Update vs. replace document validation
Update documents provided in UpdateOne
and UpdateMany
write models are required only to contain atomic modifiers
(i.e. keys that start with "$"). Drivers MUST throw an error if an update document is empty or if the document's first
key does not start with "$". Drivers MUST rely on the server to return an error if any other entries in the update
document are not atomic modifiers. Drivers are not required to perform validation on update pipelines.
Replacement documents provided in ReplaceOne
write models are required not to contain atomic modifiers. Drivers MUST
throw an error if a replacement document is nonempty and its first key starts with "$". Drivers MUST rely on the server
to return an error if any other entries in the replacement document are atomic modifiers.
Options
class BulkWriteOptions {
/**
* Whether the operations in this bulk write should be executed in the order in which they were
* specified.
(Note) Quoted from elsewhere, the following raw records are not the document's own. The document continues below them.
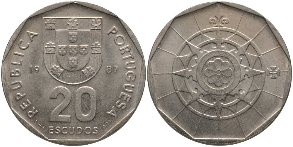 ПОРТУГАЛИЯ 20 ЭСКУДО 1987 KM 634.1 медно-никель 181-411
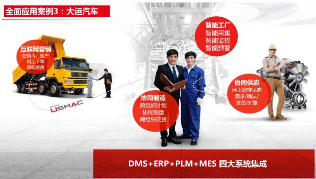 山西大运汽车制造有限公司,借助互联网,实现300多家经销商、500多家服务站网上个性化选配、自助下单、自助跟踪生产进度,极大节省沟通成本;实现与300多家供应商的业务协同,极大缩短与供应商的信息交互时间与沟通成本,订单交付周期缩短30%。经过短短4年多的快速发展,大运汽车在中国重卡行业排名从10名之外,已经进入到第6名。
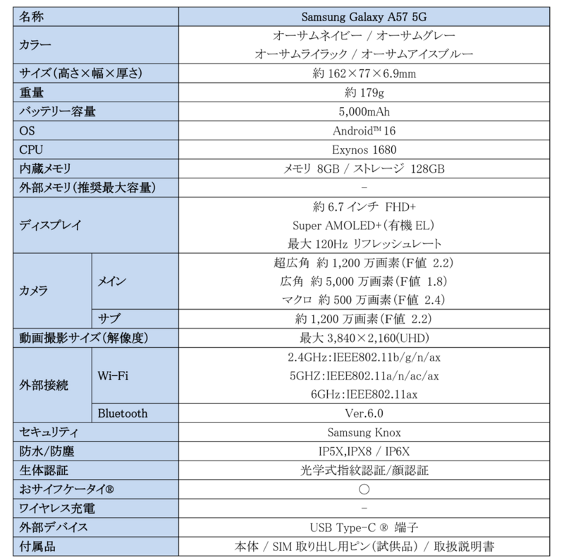 <主な仕様:「Samsung Galaxy A57 5G」>
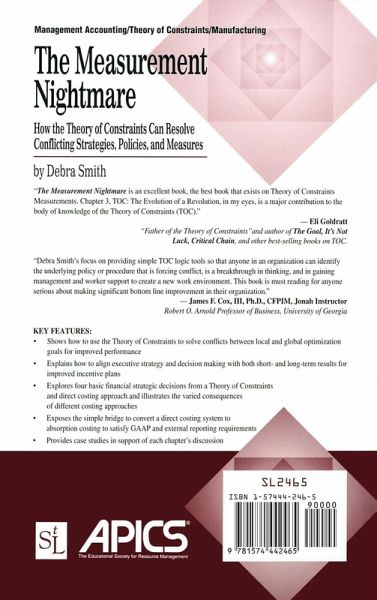 Today's competitive environment requires that companies distinguish themselves in the marketplace using factors other than prices. Companies that excel at on-time delivery, short cycle/leadtime, quality, and fast response to the market gain a competitive edge - and have the ability to market based on these features. A proven approach to achieve this is the Theory of Constraints (TOC) production solution known, as drum-buffer-rope scheduling. Just in time (JIT), Total Quality Management (TQM) and other philosophies aim at exploiting these competitive edge factors. However, accounting systems, financial, and incentive measurements continue to be the biggest stumbling blocks to companies wishing to improve their financial performance with these tools. Agreement on the need for a measurement system that encourages local actions in line with bottom line results is common, but solutions have remained elusive. Whether a company is pursuing JIT, TQM, or TOC, cost accounting is the common enemy. Attempts have been made to introduce "new" costing methods such as activity based costing and economic value added, but they have failed to recognize the basic difference between product costing for financial statement purposes and collective management information to make real time decisions. The Measurement Nightmare shows you how to resolve the conflicts and remove the accounting systems, financial, and incentive measurement roadblocks to adopting TOC, thereby gaining improved performance and sustaining competitive advantage. The techniques that the author, leading authority Debra Smith, has implemented and tracked at various companies highlight "the productivity measurement nightmare". Especially important are the day-to-day tools she developed to ensure successful implementation.
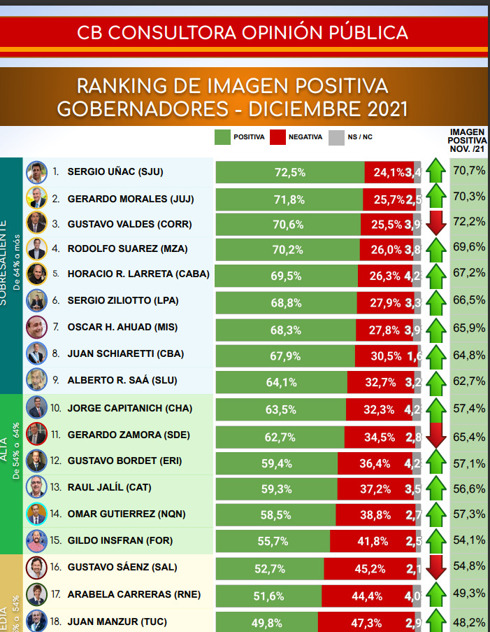 De esta manera, el mandatario entrerriano cierra el año con un aumento de un poco más de dos puntos porcentuales respecto de su marca en noviembre. Además se ubicó en el puesto N° 12 del ranking nacional de gobernadores que lideran Sergio Uñac, de San Juan, Gerardo Morales, de Jujuy y Gustavo Valdes, de Corrientes.
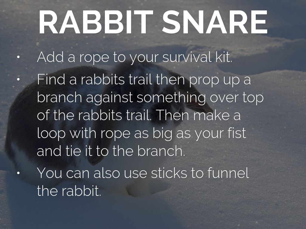 Find a rabbits trail then prop up a branch against something over top of the rabbits trail. Then make a loop with rope as big as your fist and tie it to the branch.
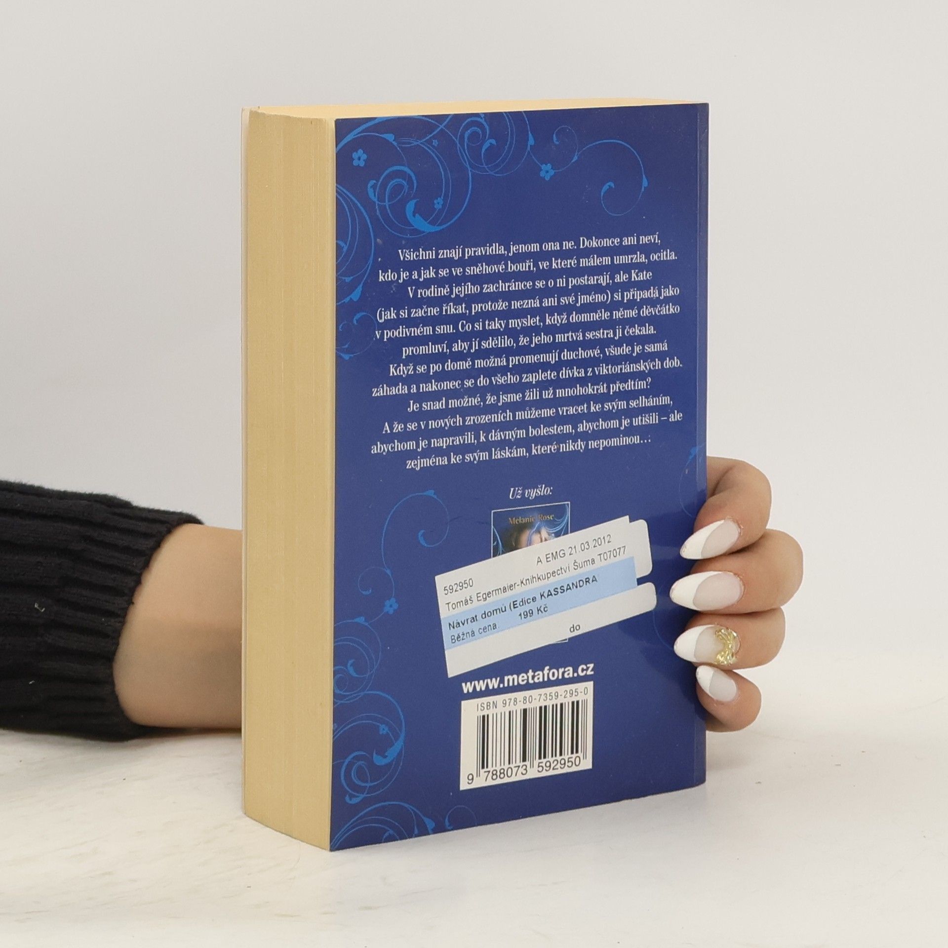Ztratila paměť, ale ví, že se děje něco podivného. Je snad láska opravdu věčná? Od autorky neobyčejného příběhu Má noc je tvůj den. Všichni znají pravidla, jenom ona ne. Dokonce ani neví, kdo je a jak se ve sněhové bouři, ve které málem umrzla, ocitla. V rodině jejího zachránce se o ni postarají, ale Kate (jak si začne říkat, protože nezná ani své jméno) si připadá jako v podivném snu. Co si taky myslet, když domněle němé děvčátko promluví, aby jí sdělilo, že jeho mrtvá sestra ji čekala? Když se po domě možná promenují duchové, všude je samá záhada a nakonec se do všeho zaplete dívka z viktoriánských dob. Je snad možné, že jsme žili už mnohokrát předtím? A že se v nových zrozeních můžeme vracet ke svým selháním, abychom je napravili, k dávným bolestem, abychom je utišili - ale zejména ke svým láskám, které nikdy nepominou…
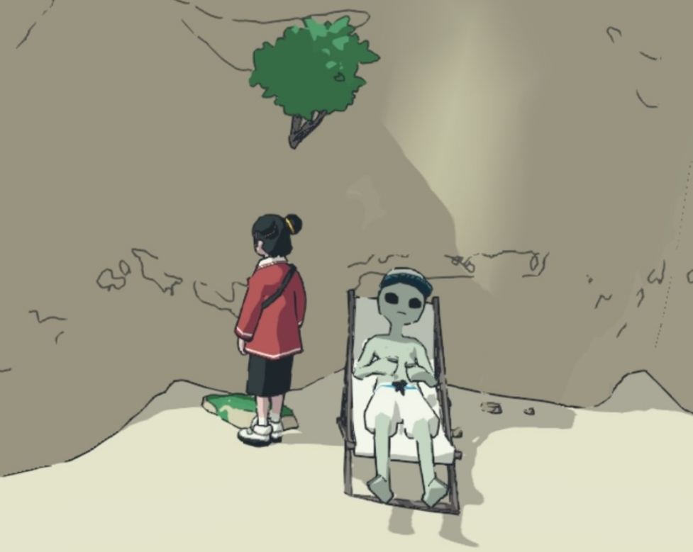短是短了点,但是在跑路送货的过程中,还是能发现不少惊喜的,比如在海边你就能看到一个正躺在沙滩上晒太阳的外星人。

If false, writes will continue to be executed if an individual write fails. If
* true, writes will stop executing if an individual write fails.
*
* Defaults to true.
*/
ordered: Optional<Boolean>;
/**
* If true, allows the writes to opt out of document-level validation.
*
* This option is only sent if the caller explicitly provides a value. The server's default
* value is false.
*/
bypassDocumentValidation: Optional<Boolean>;
/**
* A map of parameter names and values to apply to all operations within the bulk write. Value
* must be constant or closed expressions that do not reference document fields. Parameters can
* then be accessed as variables in an aggregate expression context (e.g. "$$var").
*
* This option is only sent if the caller explicitly provides a value.
*/
let: Optional<Document>;
/**
* The write concern to use for this bulk write.
*/
writeConcern: Optional<WriteConcern>;
/**
* Enables users to specify an arbitrary comment to help trace the operation through
* the database profiler, currentOp and logs.
*
* This option is only sent if the caller explicitly provides a value.
*/
comment: Optional<BSON value>;
/**
* Whether detailed results for each successful operation should be included in the returned
* BulkWriteResult.
*
* Defaults to false. This value corresponds inversely to the errorsOnly field in the bulkWrite
* command.
*/
verboseResults: Optional<Boolean>;
}
Result
class BulkWriteResult {
/**
* Indicates whether this write result was acknowledged. If not, then all other members of this
* result will be undefined.
*
* NOT REQUIRED TO IMPLEMENT. See below for more guidance on modeling unacknowledged results.
*/
acknowledged: Boolean;
/**
* Indicates whether the results are verbose. If false, the insertResults, updateResults, and
* deleteResults fields in this result will be undefined.
*
* NOT REQUIRED TO IMPLEMENT. See below for other ways to differentiate summary results from
* verbose results.
*/
hasVerboseResults: Boolean;
/**
* The total number of documents inserted across all insert operations.
*/
insertedCount: Int64;
/**
* The total number of documents upserted across all update operations.
*/
upsertedCount: Int64;
/**
* The total number of documents matched across all update operations.
*/
matchedCount: Int64;
/**
* The total number of documents modified across all update operations.
*/
modifiedCount: Int64;
/**
* The total number of documents deleted across all delete operations.
*/
deletedCount: Int64;
/**
* The results of each individual insert operation that was successfully performed.
*/
insertResults: Map<Int64, InsertOneResult>;
/**
* The results of each individual update operation that was successfully performed.
*/
updateResults: Map<Int64, UpdateResult>;
/**
* The results of each individual delete operation that was successfully performed.
*/
deleteResults: Map<Int64, DeleteResult>;
}
class InsertOneResult {
/**
* The _id of the inserted document.
*/
insertedId: Any;
}
class UpdateResult {
/**
* The number of documents that matched the filter.
*/
matchedCount: Int64;
/**
* The number of documents that were modified.
*/
modifiedCount: Int64;
/**
* The _id field of the upserted document if an upsert occurred.
*
* It MUST be possible to discern between a BSON Null upserted ID value and this field being
* unset. If necessary, drivers MAY add a didUpsert boolean field to differentiate between
* these two cases.
*/
upsertedId: Optional<BSON value>;
}
class DeleteResult {
/**
* The number of documents that were deleted.
*/
deletedCount: Int64;
}
Unacknowledged results
BulkWriteResult
has an optional acknowledged
field to indicate whether the result was acknowledged. This is not
required to implement. Drivers should follow the guidance in the CRUD specification
here to determine how to model unacknowledged results.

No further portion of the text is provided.